● AIM OF THE EXERCISE:
For the records below, output word for word the lines from the one with "人臉識別門禁機:是智能門禁系" up to and including the one with "Den Käse möglichst". No pictures.

● DATA EXTRACT:
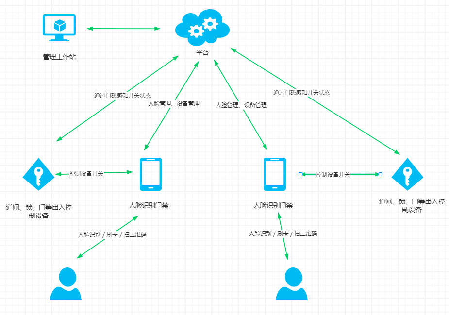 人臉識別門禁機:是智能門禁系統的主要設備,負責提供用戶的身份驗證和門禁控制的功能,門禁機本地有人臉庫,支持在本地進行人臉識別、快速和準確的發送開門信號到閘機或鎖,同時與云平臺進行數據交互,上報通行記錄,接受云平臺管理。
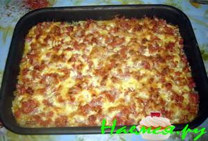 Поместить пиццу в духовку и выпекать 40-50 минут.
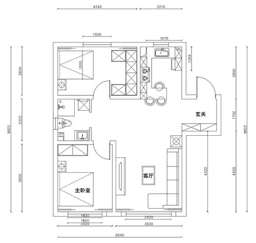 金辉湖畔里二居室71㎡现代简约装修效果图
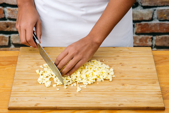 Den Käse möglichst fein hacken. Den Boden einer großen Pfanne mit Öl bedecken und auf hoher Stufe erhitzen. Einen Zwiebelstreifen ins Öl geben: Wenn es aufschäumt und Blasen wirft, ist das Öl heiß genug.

* * *

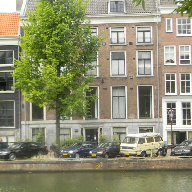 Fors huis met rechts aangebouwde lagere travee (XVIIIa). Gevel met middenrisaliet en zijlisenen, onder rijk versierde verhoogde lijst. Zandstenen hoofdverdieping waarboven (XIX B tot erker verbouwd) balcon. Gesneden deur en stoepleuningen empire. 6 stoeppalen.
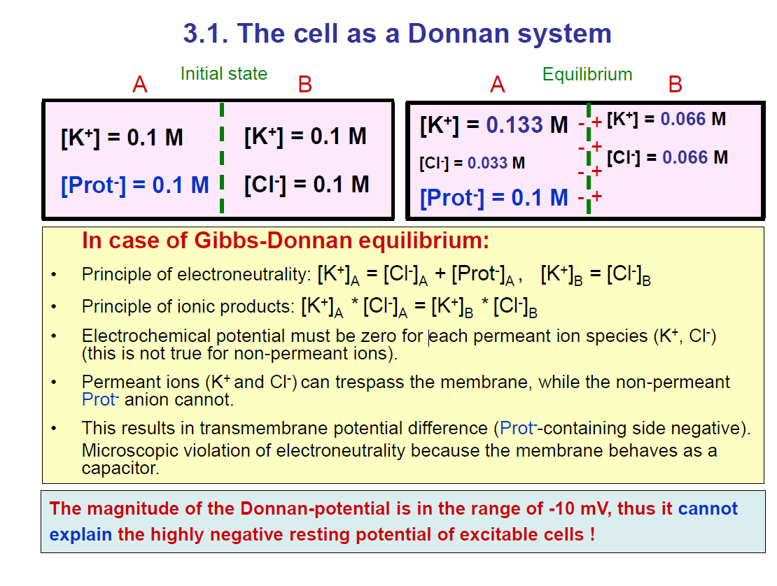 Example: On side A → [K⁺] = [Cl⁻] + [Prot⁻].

● WORKED SOLUTION:
 人臉識別門禁機:是智能門禁系統的主要設備,負責提供用戶的身份驗證和門禁控制的功能,門禁機本地有人臉庫,支持在本地進行人臉識別、快速和準確的發送開門信號到閘機或鎖,同時與云平臺進行數據交互,上報通行記錄,接受云平臺管理。
 Поместить пиццу в духовку и выпекать 40-50 минут.
 金辉湖畔里二居室71㎡现代简约装修效果图
 Den Käse möglichst fein hacken. Den Boden einer großen Pfanne mit Öl bedecken und auf hoher Stufe erhitzen. Einen Zwiebelstreifen ins Öl geben: Wenn es aufschäumt und Blasen wirft, ist das Öl heiß genug.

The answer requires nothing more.